Within-gene intensity fluctuation. **(a)** Gene exhibiting typical intensity fluctuations. Data shown are for RefSeq gene NM_001001479 from Kapranov *et al.* [2], using 35-bp probes with a step size of 35 bp. Red bars illustrate probes that lie within introns, whereas blue bars demonstrate probes within exons. Plots for perfect match (PM) intensities, mismatch (MM) intensities and PM – MM differences in intensities are shown. **(b)** Empirical cumulative distribution function for nearest neighbor intensity fluctuations within RefSeq genes. The x-axis represents the fold difference on a log₂ scale between observed intensity and expected intensity, based on the average intensities of neighboring probes. The cross indicates the point at which 20% of all probes show a twofold deviation from their expected intensities. Data are from Bertone *et al.* [1].

If the intensity fluctuations come from differences in binding energies between probe sequences, there are models for correcting this type of effect in GeneChips® brand arrays, but they are still debated [24] and are as yet untested for tiling microarrays. Another approach for addressing these biases is to deal with them during the probe design procedure. In many designs, the designer is allowed to select probes by shifting their genomic positioning slightly so that the variance of melting temperatures of probes across the whole array is minimized. Probe sets on GeneChips® brand arrays also attempt this. The shifting allowed on tiling arrays is much more constrained because the design must conform to the bounds (or limits) set by the predetermined span of the array. Similar considerations apply in other situations where the probe location is highly constrained, for example, single nucleotide polymorphism (SNP) arrays [25] or arrays with probes spanning splice junctions [7].
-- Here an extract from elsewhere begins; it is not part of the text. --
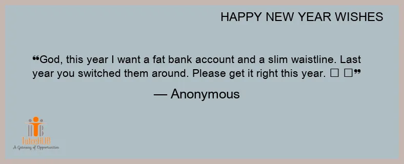 God, this year I want a fat bank account and a slim waistline. Last year you switched them around. Please get it right this year. πŸ˜€ πŸ˜€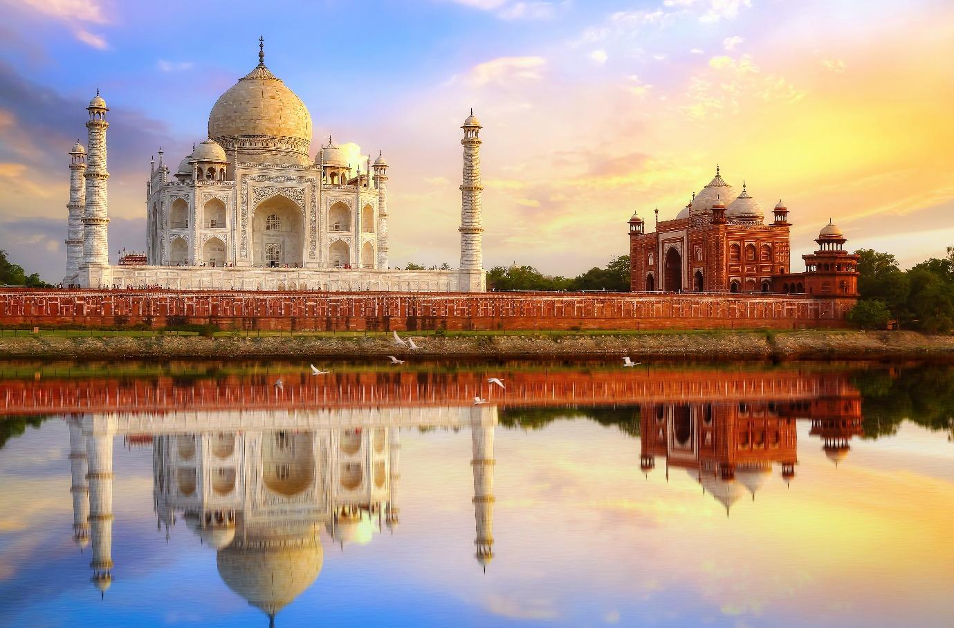 Commissioned by Mughal Emperor Shah Jahan in 1632 as a mausoleum for his wife Mumtaz Mahal, the Taj Mahal is a masterclass in Mughal architecture, drawing from Persian, Islamic, and Indian traditions. Designed by Ustad Ahmad Lahauri, the structure is composed almost entirely of white Makrana marble, inlaid with semi-precious stones (pietra dura) and Quranic calligraphy.

Another solution to sequence biases could be to design the arrays with varying probe lengths so as to correct for differences in the melting temperatures of sequences. Such ‘isothermal’ arrays are feasible with the recently developed maskless, photolithography-array synthesis technique [26,27] and are currently under development. Such approaches potentially aid in reducing sequence biases but the likely complicated problem of cross-hybridization remains.

Another design feature is the option to include MM probes on the array. Theoretically, MM probes measure the amount of cross-hybridization to the PM probe from unintended targets. We find that the inclusion of such MM probes reduces within-gene intensity variability somewhat but does not eliminate the effect (Figure 3a). A recent study of GeneChips® brand arrays indicates that ~10% of probes cross-hybridize to multiple genes [28] so it is an interesting question as to how much utility MM probes have for tiling experiments. For a tiling array built for human chromosome 22 [2] on which PM and MM probes are present, we find that PM probe intensities within RefSeq genes significantly correlate with PM probe intensities of the preceding neighboring tile (Spearman ρ = 0.156, P < 10⁻¹⁵) but that PM-MM intensities correlate better (Spearman ρ = 0.175, P < 10⁻¹⁵). It is clear that MM probes help, but there is still much room for improvement.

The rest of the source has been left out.